I've been using a leather board, a 4" wide 12" long piece of finished leather cemented to a piece of 1/2" thick oak board and another piece that's not. To my understanding as you draw the blade across the leather the leather being pliable enough actually comes above the edge line, kinda wraps around, but noy completely and removes the wire edge, also there is something in the finished leather that abrades the wire edge off. The use of a polishing compound smoothes/polishes the final bevel leading to the edge.
In some cases this is prefered, but in some cases, you want a toothier edge that comes without the polished bevel.
One of the biggest mistakes I see people make with a strop is that as they get to the end of the stroke they tend to lift the spine of the knife which tends to round off the edge, thereby negating the desired effects of stropping. the best way to avoid this is to draw the knife past the edge of the leather before lifting away,(if any one spray paints it's like not chanhing direction or letting off the trigger until your past the work piece).

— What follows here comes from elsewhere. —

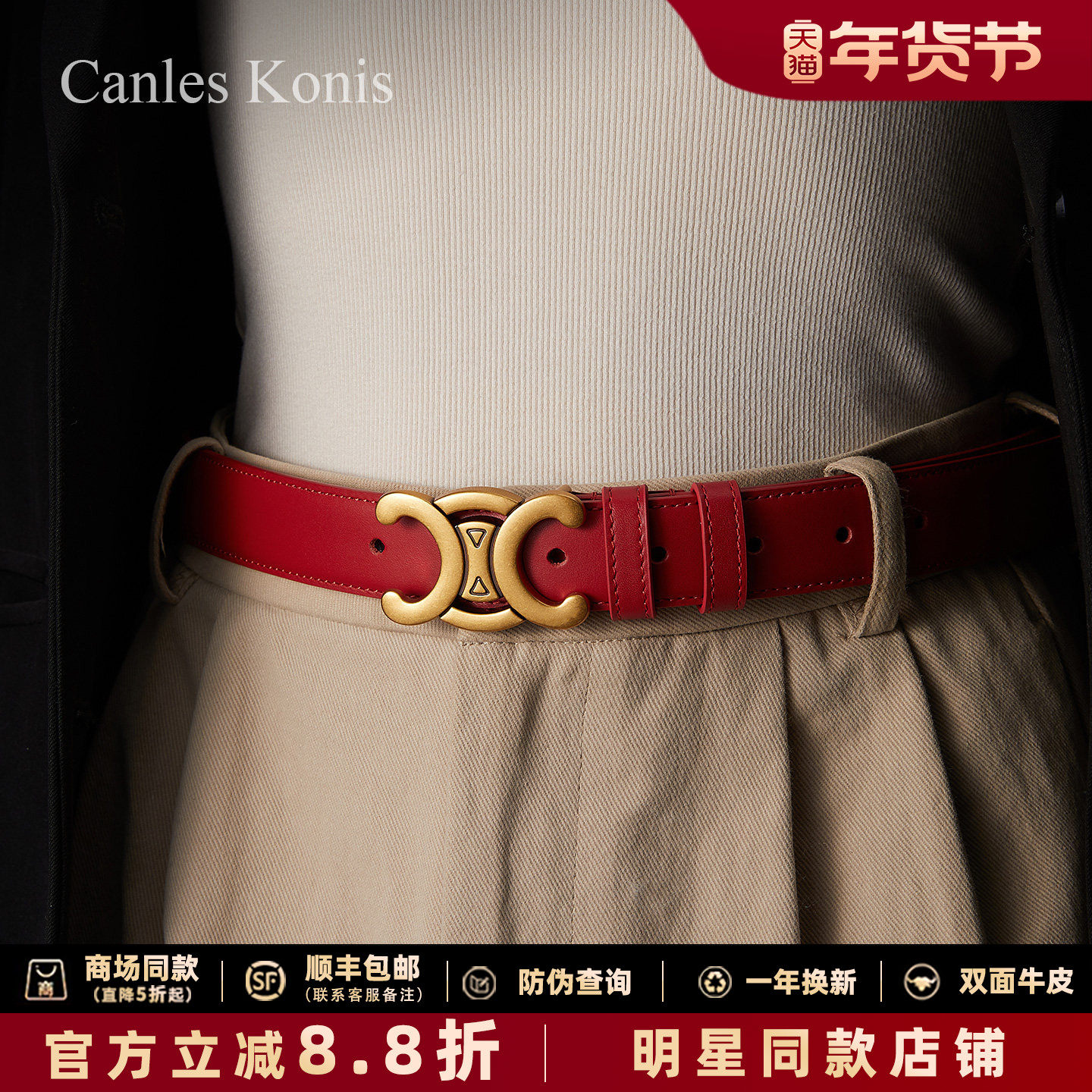 Canles Konis官方店真皮女士皮带本命年红色宽腰带女装饰新年礼物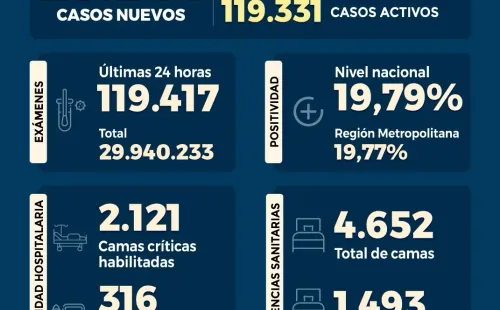 Se registróunapositividad de un 19,79%a nivel paísy de un 19,77% en la Región Metropolitana,lamentando elfallecimiento de 37personasa causa del virus.Destacando queloscasos activos son 119.331al día de hoy.

One last thing, alot of people mention the sound of steel slapping the leather when stropping, but if you watch any of the old time barbers when they strop, right before the hit the end of their stroke, they relax the tension on the strop. in essence this accomplishes the same thing as described above, in not lifting until past the leather. The slapping sound comes, as they pull the strop taunt again before bringing the razor in contact with the strop.
Alright now one last thing,

I have had reasonable succes with valve grinding/lapping compound.